Releases: hud-evals/hud-python
v0.5.0
New major version of the HUD SDK (v0.5.0)!
What's new:
Simpler environments: New Environment class with @env.tool() and @env.scenario() decorators, which allow you to define both tools and evaluations in one place with a cleaner syntax. Cuts around 30% of LOC on our sample environments and makes it easier to track, create and run 100+ tasks both via SDK and platform!
Built-in A/B testing: New hud.eval() lets you test multiple models/configs in one line of code with variants and group parameters, all tracked on the platform if using hud.ai/models.
Unified model API: Call Claude, GPT, Gemini, or Grok through one OpenAI-compatible endpoint.
Other observability features: See all live jobs on platform, store and track tasks on the new evalsets/environment scenario pages, better trace UI.
Migration/Backwards compatibility:
Existing environments and task configs work with all old (v4) commands!
If you wish to migrate to v5, all tasks work via Task.from_v4(), as well as the hud eval CLI command and with --remote runs!
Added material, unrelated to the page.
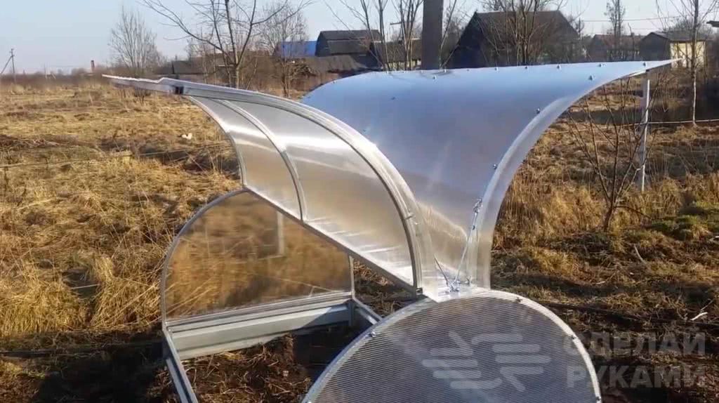 Конструкция типа «бабочка» очень удобная, так как с ней можно легко добраться до любого растения внутри. При этом нет необходимости прилагать к этому лишние усилия. Еще одно преимущество – это простой и быстрый монтаж конструкции

See here how you can migrate to new environments: https://docs.hud.ai/migration
v0.4.74 - Longer tool calling timeouts and Bedrock Agent
What's Changed
- add environment variable resolution to hud eval toml by @jdchawla29 in #233
- Move reasoning content to AgentResponse.reasoning by @jdchawla29 in #234
- Increase timeout settings to support long-running operations. by @jdchawla29 in #236
- update model configuration in eval CLI and template files by @jdchawla29 in #237
- Bedrock claude agent by @dylanbowman314 in #211
- configurable client timeout for MCP operations by @jdchawla29 in #238
- hotfixes by @jdchawla29 in #240
Full Changelog: v0.4.73...v0.4.74
v0.4.73 - Small models update
Merge pull request #231 from hud-evals/l/update-model-names-gateway L/update model names gateway
v0.4.72 - Custom trace ids for running tasks
add trace in run task
v0.4.71 - Model and hud dev updates
What's Changed
- Improved lock file by @shfunc in #188
- Migrate hud init to clone from separate repos by @farrelmahaztra in #187
- allow remote execution restriction for gemini agents by @jdchawla29 in #230
- Hud dev additions by @lorenss-m in #216
New Contributors
Full Changelog: v0.4.70...v0.4.71
v0.4.70 - Gemini and Gemini CUA Agent Support + Remote Running
v0.4.69 - OAI Computer Use Support, Grok 4 Support, GLM 4.5v support
What's Changed
- Add custom agent example using HUD Gateway for inference by @jdchawla29 in #223
- Preflight Check For Remote Agent Execution by @jdchawla29 in #222
- update model references by @jdchawla29 in #225
Full Changelog: v0.4.68...v0.4.69
v0.4.68 - Remote rollouts, hud gateway, and passthrough inference
What's Changed
- Introduced Responses Agent for OpenAI
- Improved tools provided by hud
- Added Codex agent and tools
- Introduced Remote eval runs, with passthrough inference.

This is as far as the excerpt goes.